= Action item =
Using the listing below, output only the lines from the one that contains "Front: Pie cut" through the one that contains "Tableaux rondes Un", inclusive, exactly as given and without images.

= Input records =

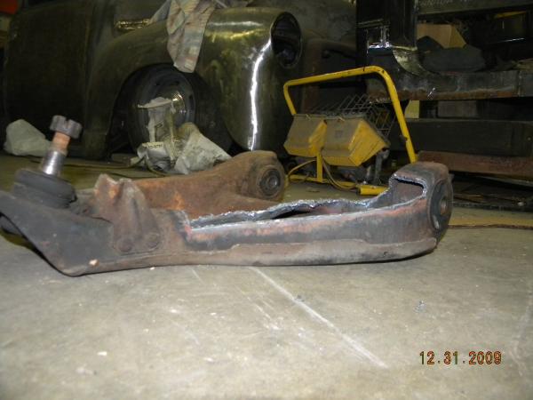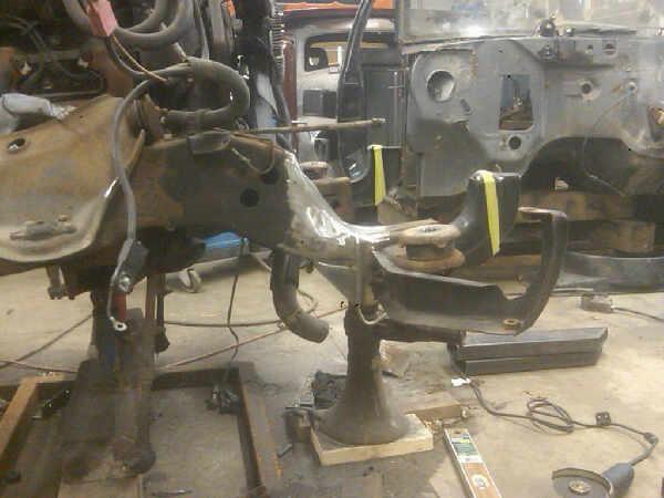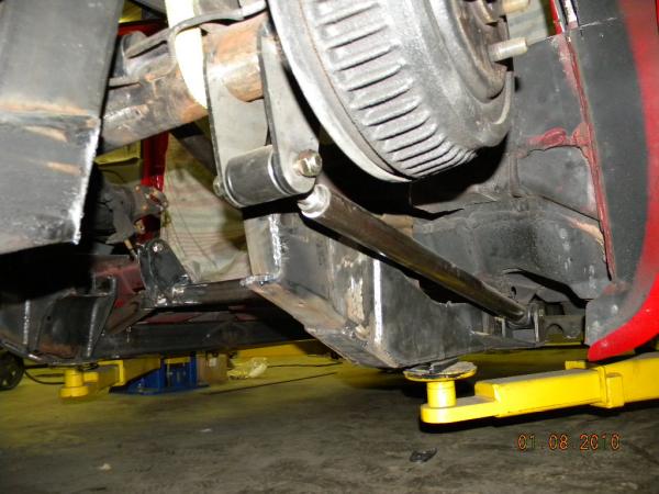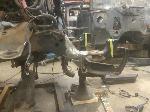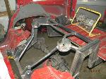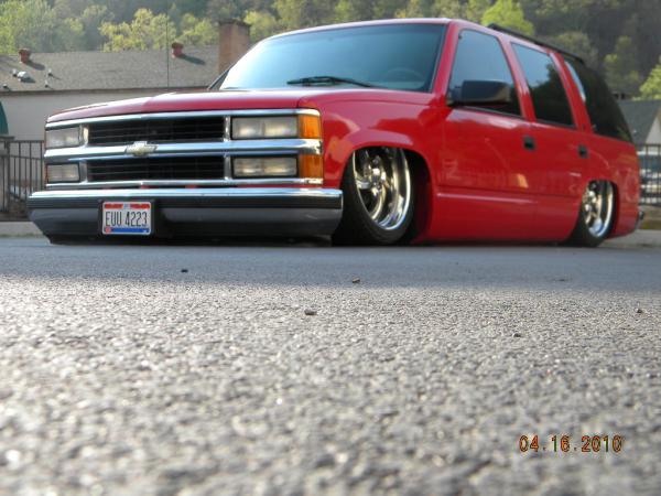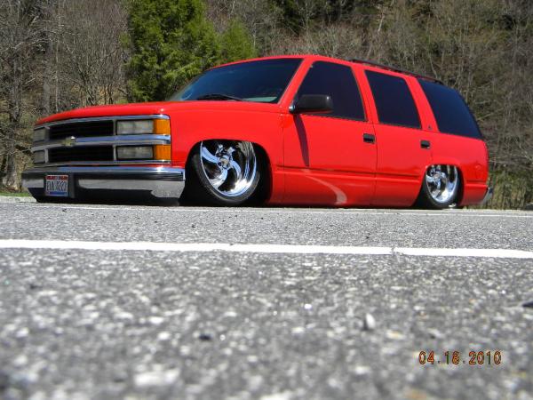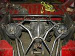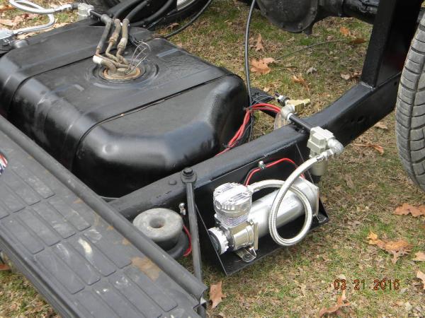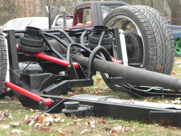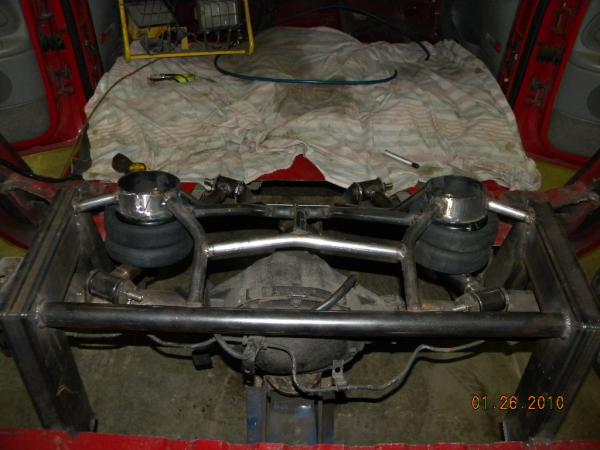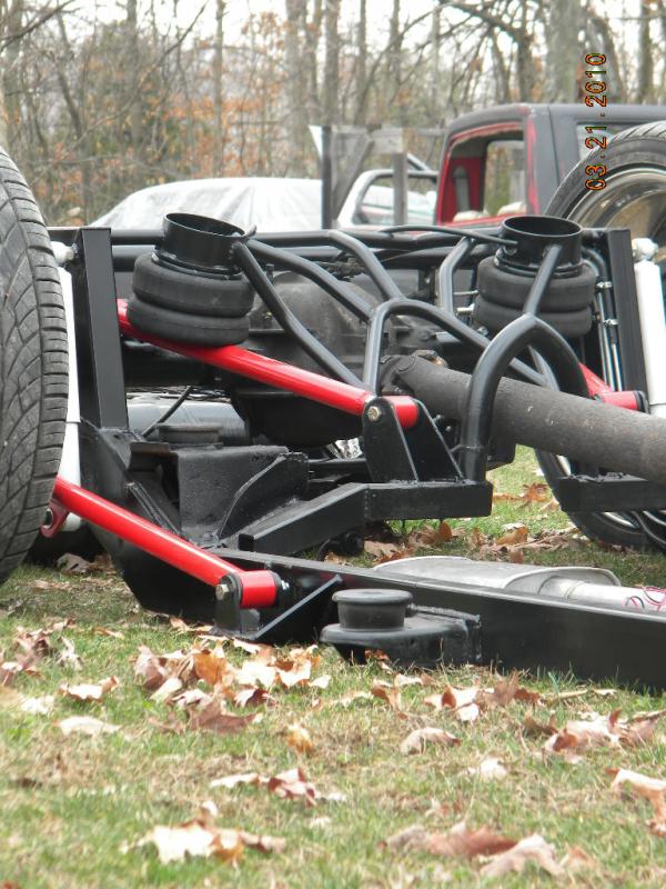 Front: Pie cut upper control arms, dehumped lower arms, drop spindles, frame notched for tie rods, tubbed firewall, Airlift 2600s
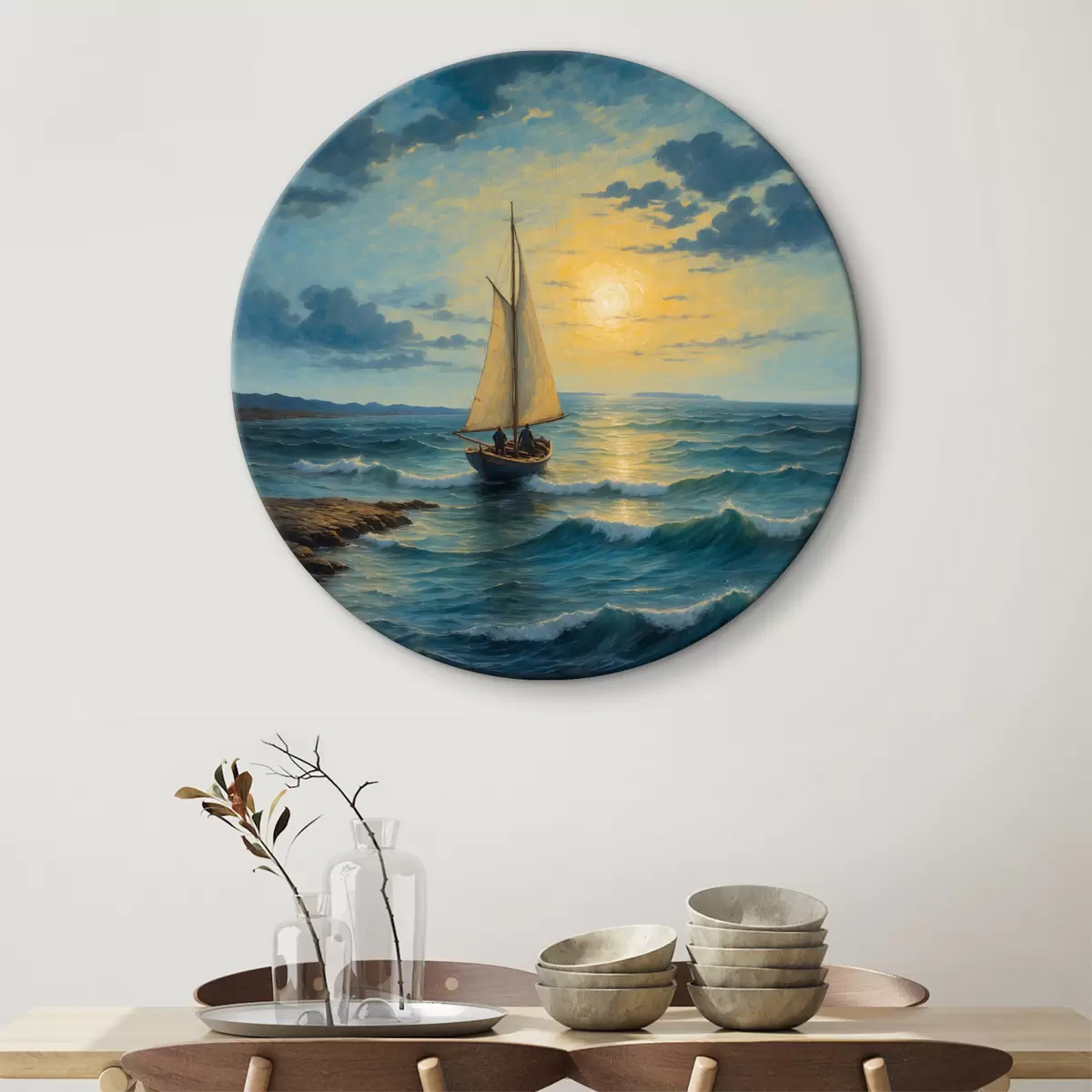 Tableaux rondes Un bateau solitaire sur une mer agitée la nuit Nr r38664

--

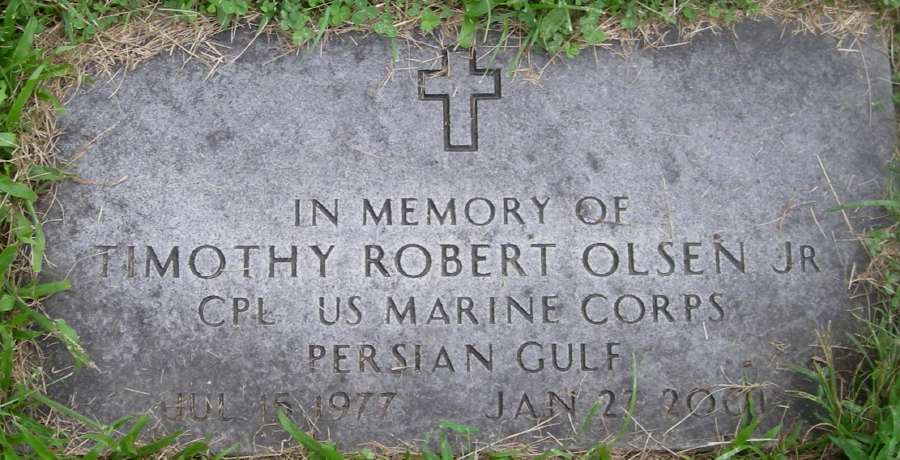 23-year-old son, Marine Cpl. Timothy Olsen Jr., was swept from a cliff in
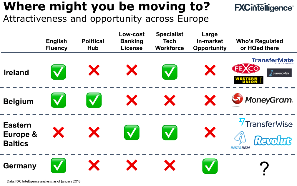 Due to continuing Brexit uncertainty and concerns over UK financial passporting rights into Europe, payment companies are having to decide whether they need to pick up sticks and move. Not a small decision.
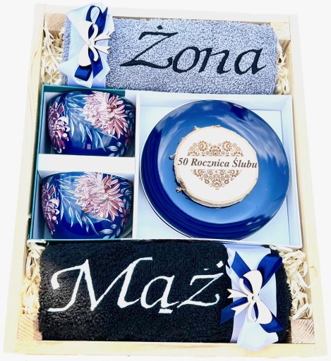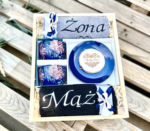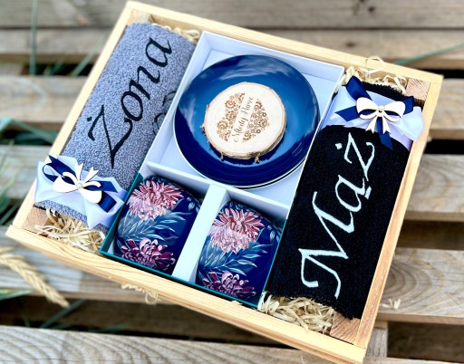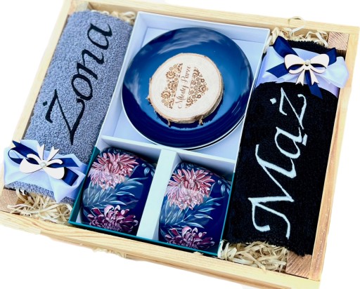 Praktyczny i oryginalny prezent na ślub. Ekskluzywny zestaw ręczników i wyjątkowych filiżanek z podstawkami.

= Result of this exercise =
 Front: Pie cut upper control arms, dehumped lower arms, drop spindles, frame notched for tie rods, tubbed firewall, Airlift 2600s
 Tableaux rondes Un bateau solitaire sur une mer agitée la nuit Nr r38664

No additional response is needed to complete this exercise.